*About this exercise:*
Will you write out, word for word, every line from the one with "Nordic Inulin Mix" to the final line of the data below, with the pictures left out?

*Available data:*

·····

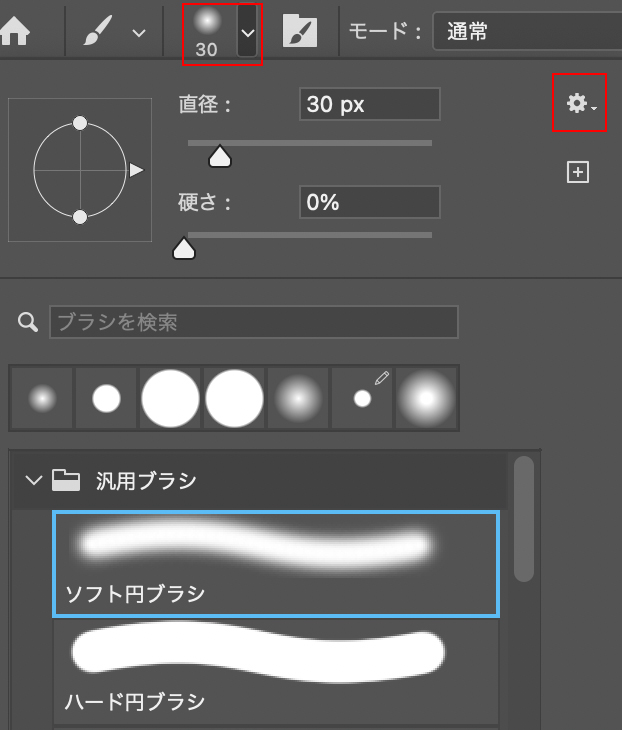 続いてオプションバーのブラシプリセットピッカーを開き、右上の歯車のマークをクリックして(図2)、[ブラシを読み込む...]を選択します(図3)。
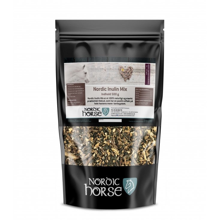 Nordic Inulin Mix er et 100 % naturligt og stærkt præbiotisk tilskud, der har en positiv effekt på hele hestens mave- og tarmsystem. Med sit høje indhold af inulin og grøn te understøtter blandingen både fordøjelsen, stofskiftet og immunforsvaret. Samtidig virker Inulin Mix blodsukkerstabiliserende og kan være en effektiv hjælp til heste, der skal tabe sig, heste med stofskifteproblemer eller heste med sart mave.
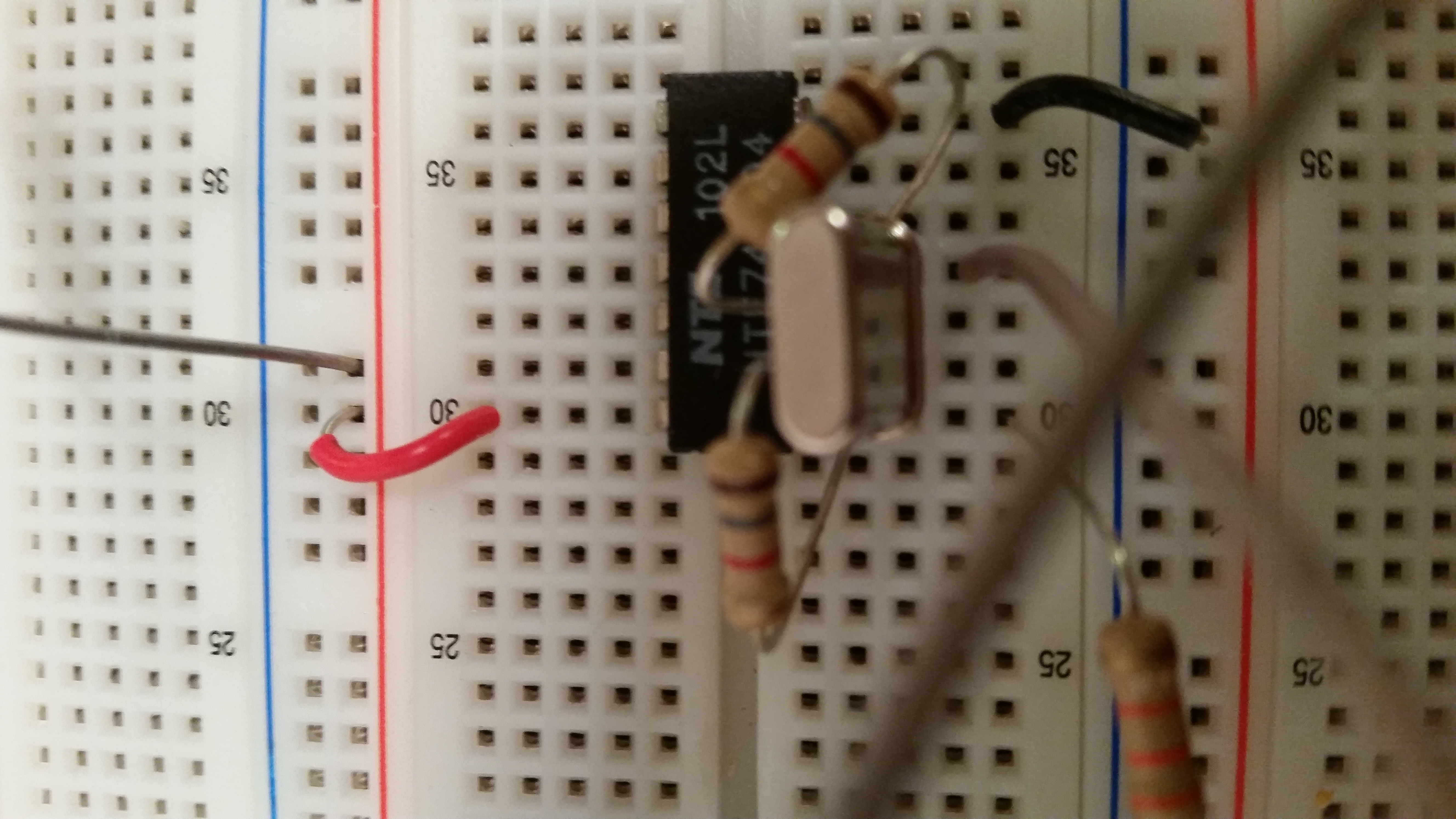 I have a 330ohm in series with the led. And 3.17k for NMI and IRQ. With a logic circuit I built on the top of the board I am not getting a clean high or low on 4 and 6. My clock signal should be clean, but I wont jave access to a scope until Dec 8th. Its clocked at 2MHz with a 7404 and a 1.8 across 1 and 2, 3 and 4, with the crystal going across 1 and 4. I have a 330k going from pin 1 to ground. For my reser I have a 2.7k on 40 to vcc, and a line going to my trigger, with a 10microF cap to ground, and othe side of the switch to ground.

·····

*Response to the task:*
 Nordic Inulin Mix er et 100 % naturligt og stærkt præbiotisk tilskud, der har en positiv effekt på hele hestens mave- og tarmsystem. Med sit høje indhold af inulin og grøn te understøtter blandingen både fordøjelsen, stofskiftet og immunforsvaret. Samtidig virker Inulin Mix blodsukkerstabiliserende og kan være en effektiv hjælp til heste, der skal tabe sig, heste med stofskifteproblemer eller heste med sart mave.
 I have a 330ohm in series with the led. And 3.17k for NMI and IRQ. With a logic circuit I built on the top of the board I am not getting a clean high or low on 4 and 6. My clock signal should be clean, but I wont jave access to a scope until Dec 8th. Its clocked at 2MHz with a 7404 and a 1.8 across 1 and 2, 3 and 4, with the crystal going across 1 and 4. I have a 330k going from pin 1 to ground. For my reser I have a 2.7k on 40 to vcc, and a line going to my trigger, with a 10microF cap to ground, and othe side of the switch to ground.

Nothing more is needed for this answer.